Tests / Unit Tests / non-boost tests.topology_experimental_raft.test_raft_cluster_features.debug is flaky #15747

wmitros · 2023-10-17T22:00:50Z

Seen in https://jenkins.scylladb.com/job/scylla-master/job/scylla-ci/4217/testReport/junit/(root)/test_raft_cluster_features/Tests___Unit_Tests___test_rolling_upgrade_happy_path_5/

AssertionError: Deadline exceeded, failing test.

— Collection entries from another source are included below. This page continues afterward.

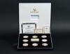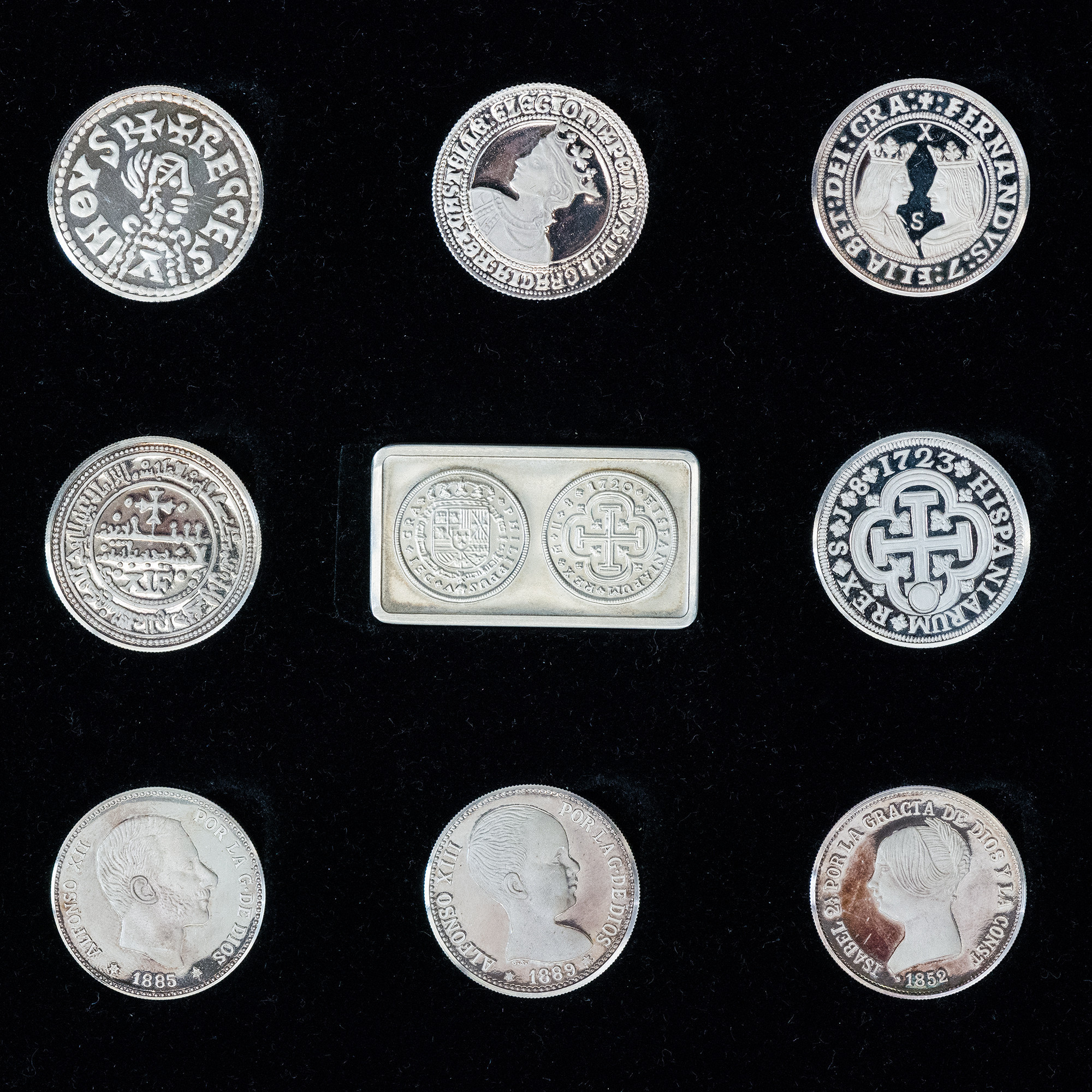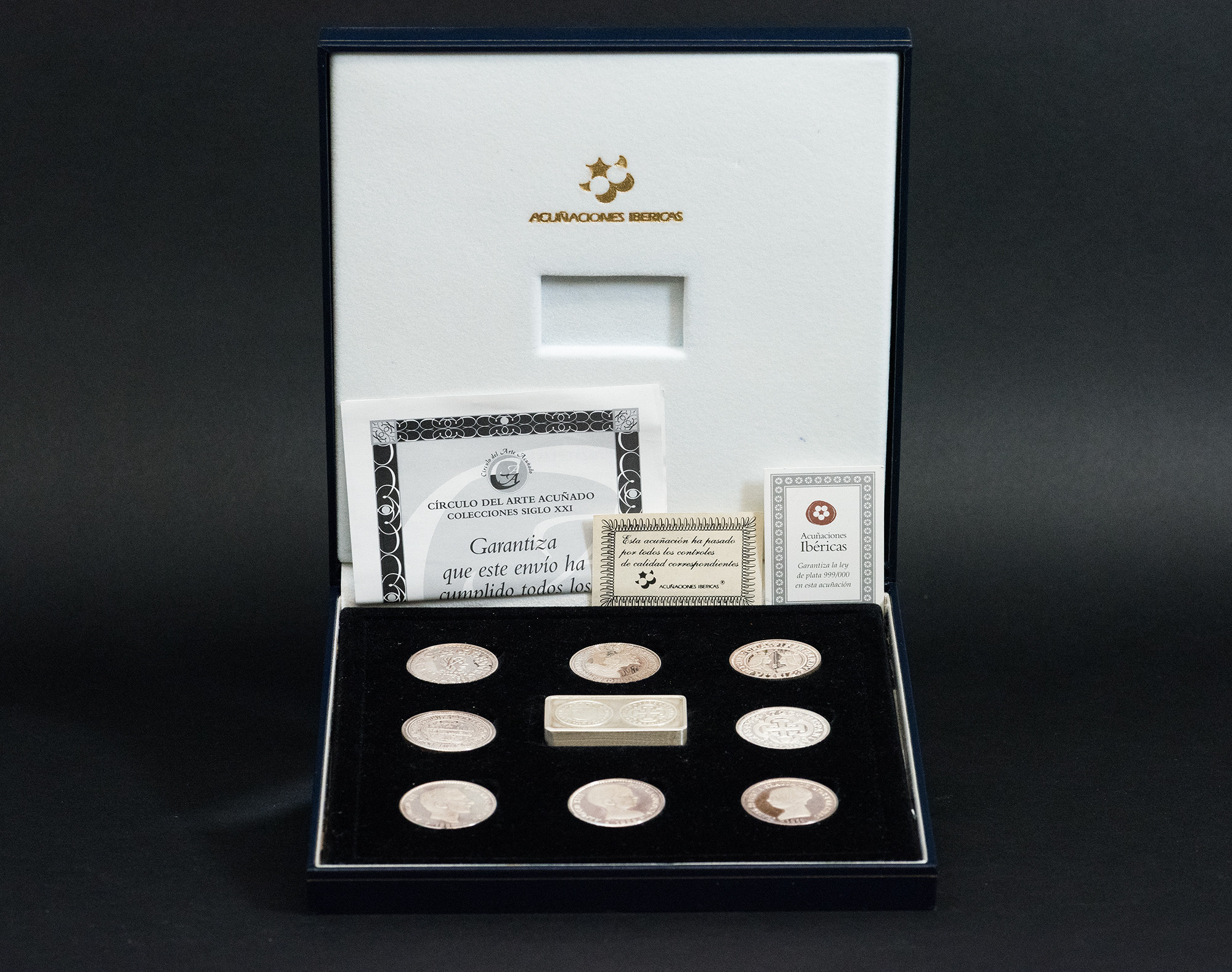 JUAN CARLOS I. Estuche con 8 medallas y un lingote de plata. Acuñación Ibérica. En estuche y con certificado. Prueba.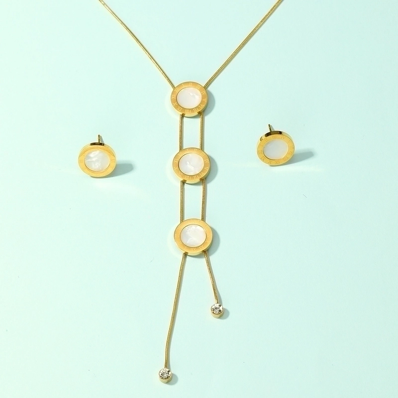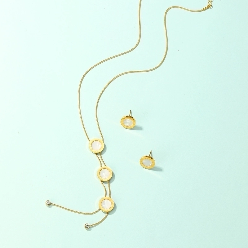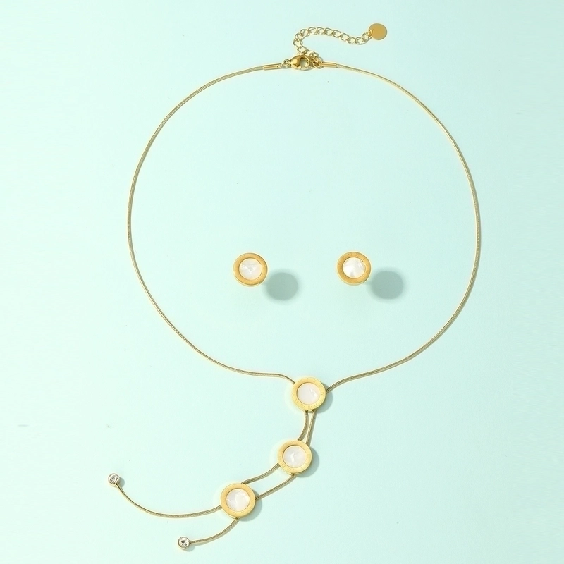 201 Stainless Steel 18K Gold Plated Basic Minimalist Plating Inlay Geometric Shell Earrings Necklace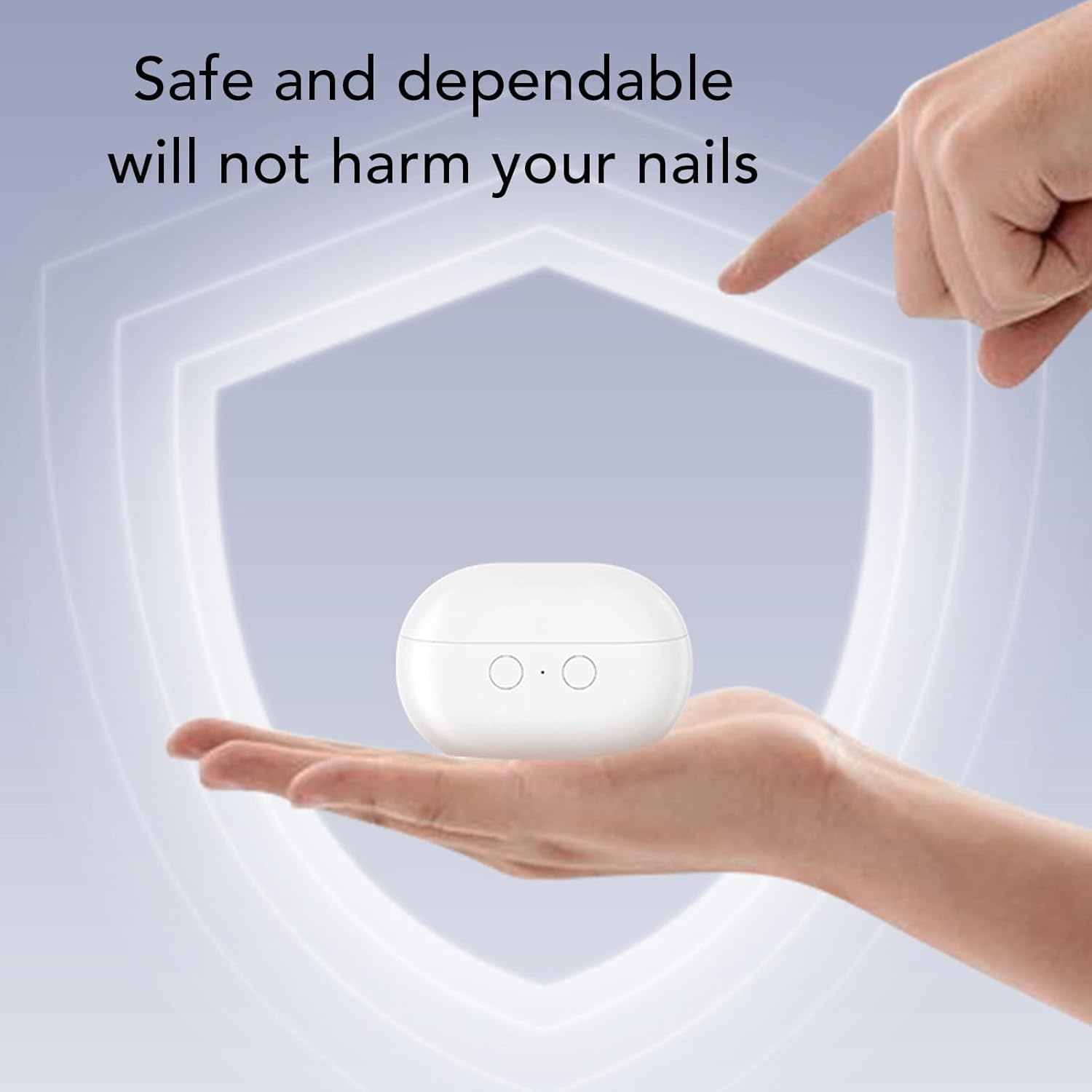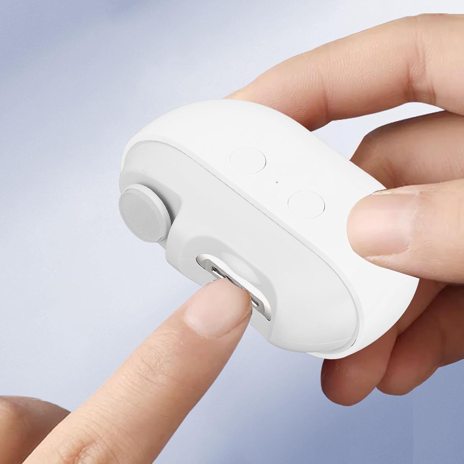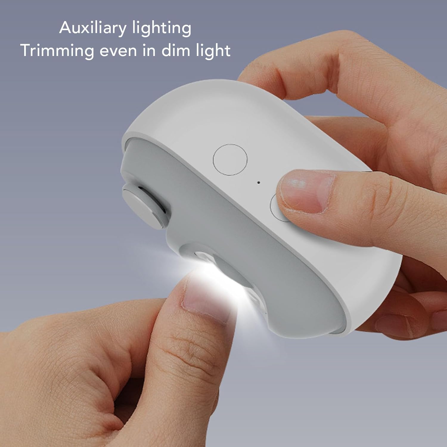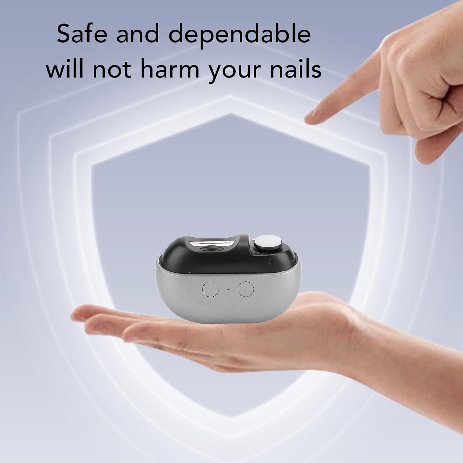 SAFETY DESIGN: The electric nail clipper features a rounded blade and protective hood to prevent accidental scratches, ensuring safety for sensitive fingers.

manager = <test.pylib.manager_client.ManagerClient object at 0x7fed911b51d0>

    @pytest.mark.asyncio
    async def test_rolling_upgrade_happy_path(manager: ManagerClient) -> None:
        for _ in range(3):
            await manager.server_add()
>       await test_cluster_features.test_rolling_upgrade_happy_path(manager)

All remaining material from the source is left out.